QIIME_analysis_microbiome.txt

##Analysis for reference based OTU picking from DictDb, then Greengenes, then denovo OTU picking from both. 


1.	Using Uclust, reference based OTU picking with DictDb as a reference database. The seqs that failed to cluster to a DictDb reference sequence will be used in next step. 

parallel_pick_otus_uclust_ref.py -i AllDiet_seqs.fna -o ref_otus_from_dictdb/ -r DictDb/DictDb_v3_V4.fasta -O 10


2.	Sequence identifiers (in .txt file) of sequences that failed to cluster to the DictDb database will be used to filter the seqs out of the original .fna file and the resulting file will be stored in ‘ref_otus_from_gg’ folder. 

filter_fasta.py -f AllDiet_seqs.fna -o ref_otus_from_gg/ref_fail_from_dictdb.fasta -s ref_otus_from_dictdb/AllDiet_seqs_failures.txt


3.	The filtered .fna file will now be used to cluster OTUs using the Greengenes database.
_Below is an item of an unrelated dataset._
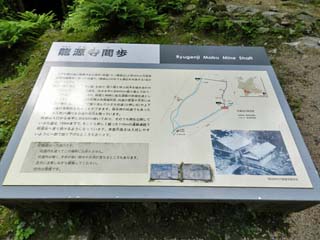 2012/5/12(9:54) 「龍源寺間歩」の案内板。 「龍源寺間歩」は、江戸中期以後に開発された 間歩で、坑道は入口から水平に約630m続いて おり、そのうち入口から156mが公開されて いる。そこから、新たに掘られた観光用の連絡 通路(116m)で「栃畑谷」に抜けるように なっており、坑内は一方通行になっている。 |
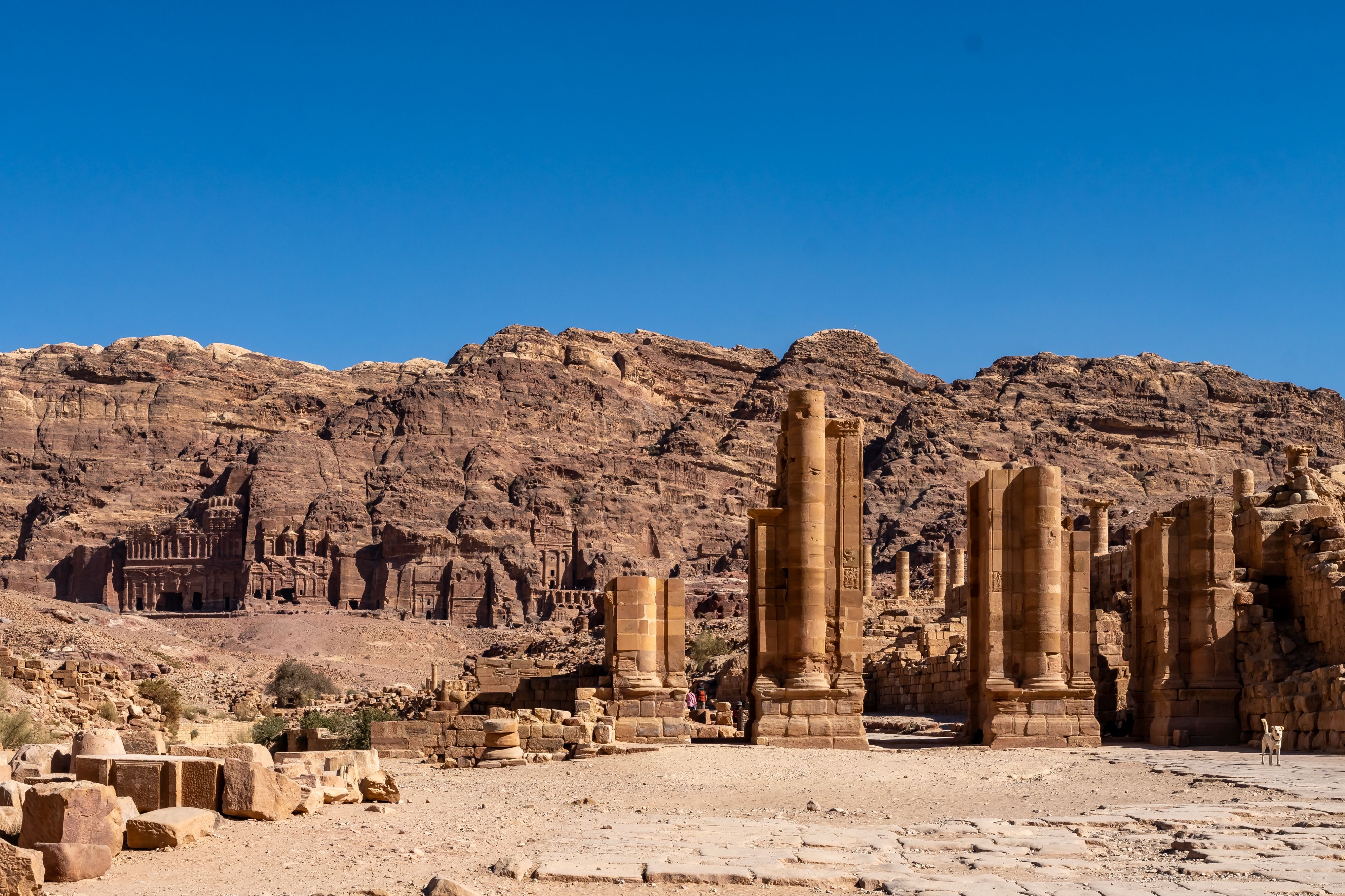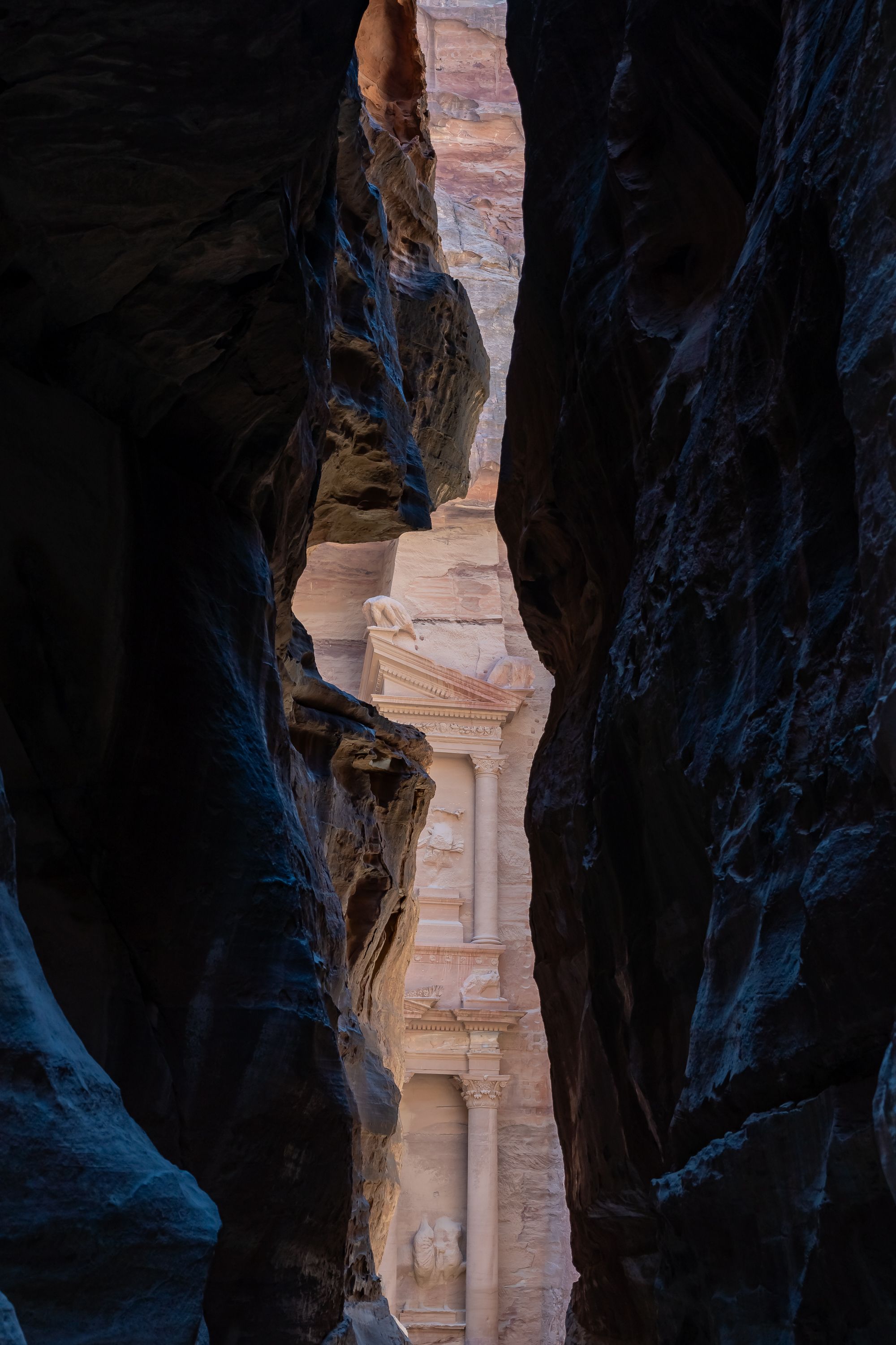 佩特拉最初阿拉伯人的一支,从公元前6世纪开始修。最大的特点就是整个城市都是藏在丹霞石峰之内,主要公共建筑直接开凿在崖壁上,而民居就在山上的石洞穴内,很另类。而公元1世纪这里被罗马占领后,建筑又加入了大量的罗马元素。

The seqs that fail to cluster to a Greengenes reference will be used in the next step. 

parallel_pick_otus_uclust_ref.py -i ref_otus_from_gg/ref_fail_from_dictdb.fasta -o ref_otus_from_gg/ -r greengenes/97_otus_v4.fasta -O 10


4.	Sequence identifiers of seqs that failed to cluster to a greengenes reference will be used to filter the seqs out of the original .fna file and the resulting file will be stored in ‘denovo_otus’ folder.

filter_fasta.py -f AllDiet_seqs.fna -o denovo_otus/ref_fail_from_gg.fasta -s ref_otus_from_gg/ref_fail_from_dictdb_failures.txt 


5.	The filtered .fna file will be clustered denovo using a combined dictdb/greengenes database as the training set. 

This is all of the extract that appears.